# Interesting If Genuine



## mach 0.0013137 (Jan 10, 2005)

item 230116718093


----------



## foztex (Nov 6, 2005)

Hot damn,

you're not wrong there Mac, if its pucka its super cool. If it aint its still a hidden spaceview, dial I've never seen before (and lovely to boot), black index (also not seen). Flip it's really nice.

Andy


----------



## PhilM (Nov 5, 2004)

That's a very clean example







will you be bidding on it Andy


----------



## foztex (Nov 6, 2005)

PhilM said:


> That's a very clean example
> 
> 
> 
> ...


Well I am tempted but funds and imminent building work forbid and I've already 3 with the same case(which is IMHO the nicest and biggest 'normal' 214 case).

At the end of the day its very cool but still a bit pricey for a 214.
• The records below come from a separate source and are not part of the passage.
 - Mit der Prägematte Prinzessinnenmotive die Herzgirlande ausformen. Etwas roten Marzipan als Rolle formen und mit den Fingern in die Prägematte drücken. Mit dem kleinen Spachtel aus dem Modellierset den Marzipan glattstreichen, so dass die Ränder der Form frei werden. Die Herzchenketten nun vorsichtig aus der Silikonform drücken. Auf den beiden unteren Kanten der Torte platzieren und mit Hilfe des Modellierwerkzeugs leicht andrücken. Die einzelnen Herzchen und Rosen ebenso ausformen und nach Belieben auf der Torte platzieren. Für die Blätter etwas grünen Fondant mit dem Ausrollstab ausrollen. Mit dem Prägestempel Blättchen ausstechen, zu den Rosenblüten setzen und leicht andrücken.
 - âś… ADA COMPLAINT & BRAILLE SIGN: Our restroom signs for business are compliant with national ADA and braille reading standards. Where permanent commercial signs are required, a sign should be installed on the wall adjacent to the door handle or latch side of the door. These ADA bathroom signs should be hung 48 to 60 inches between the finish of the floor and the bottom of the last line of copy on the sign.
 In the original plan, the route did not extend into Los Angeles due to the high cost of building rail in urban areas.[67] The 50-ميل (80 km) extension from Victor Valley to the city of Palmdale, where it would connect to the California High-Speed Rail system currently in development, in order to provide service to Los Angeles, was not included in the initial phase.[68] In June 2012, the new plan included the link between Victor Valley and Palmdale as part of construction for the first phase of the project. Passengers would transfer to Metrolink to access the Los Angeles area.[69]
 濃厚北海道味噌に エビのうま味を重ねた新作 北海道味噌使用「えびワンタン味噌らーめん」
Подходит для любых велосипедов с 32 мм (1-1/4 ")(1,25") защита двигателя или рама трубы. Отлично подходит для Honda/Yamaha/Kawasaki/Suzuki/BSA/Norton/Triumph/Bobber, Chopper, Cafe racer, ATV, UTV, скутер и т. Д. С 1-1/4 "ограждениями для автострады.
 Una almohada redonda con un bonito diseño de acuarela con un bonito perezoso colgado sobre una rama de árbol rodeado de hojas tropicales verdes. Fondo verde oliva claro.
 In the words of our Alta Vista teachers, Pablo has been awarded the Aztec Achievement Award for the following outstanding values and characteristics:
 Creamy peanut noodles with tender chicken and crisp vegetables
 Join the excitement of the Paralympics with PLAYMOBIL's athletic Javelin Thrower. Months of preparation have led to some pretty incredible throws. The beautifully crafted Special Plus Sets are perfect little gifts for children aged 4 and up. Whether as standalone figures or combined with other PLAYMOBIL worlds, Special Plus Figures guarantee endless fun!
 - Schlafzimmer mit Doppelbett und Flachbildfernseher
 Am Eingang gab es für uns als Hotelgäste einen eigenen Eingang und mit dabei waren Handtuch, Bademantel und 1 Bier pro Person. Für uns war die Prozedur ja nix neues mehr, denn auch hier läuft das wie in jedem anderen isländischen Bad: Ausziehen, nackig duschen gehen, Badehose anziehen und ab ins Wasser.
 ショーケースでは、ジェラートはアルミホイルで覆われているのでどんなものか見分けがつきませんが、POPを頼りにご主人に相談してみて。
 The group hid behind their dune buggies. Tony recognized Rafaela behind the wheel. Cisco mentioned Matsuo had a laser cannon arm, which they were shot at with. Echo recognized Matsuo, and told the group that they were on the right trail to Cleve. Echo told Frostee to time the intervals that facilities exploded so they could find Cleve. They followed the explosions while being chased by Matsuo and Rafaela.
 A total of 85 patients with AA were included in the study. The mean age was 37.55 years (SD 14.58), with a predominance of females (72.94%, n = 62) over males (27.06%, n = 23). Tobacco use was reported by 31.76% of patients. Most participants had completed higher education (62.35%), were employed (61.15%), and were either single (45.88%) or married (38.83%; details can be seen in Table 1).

Are there any issued watch experts out there who could cast any light on the markings, theres not enough numbers to my ignorant eye. The serial and M3 bit is standard bulova, leaving only the H.S. and crowsfoot. What's HS, apart from Hidden Spaceview 

Andy


----------



## JonW (Mar 23, 2005)

Very nice indeed. and if the story checks out then it would have perhaps been worth its ending price. imho it was a good condition HSV and the military connection was half the price.


----------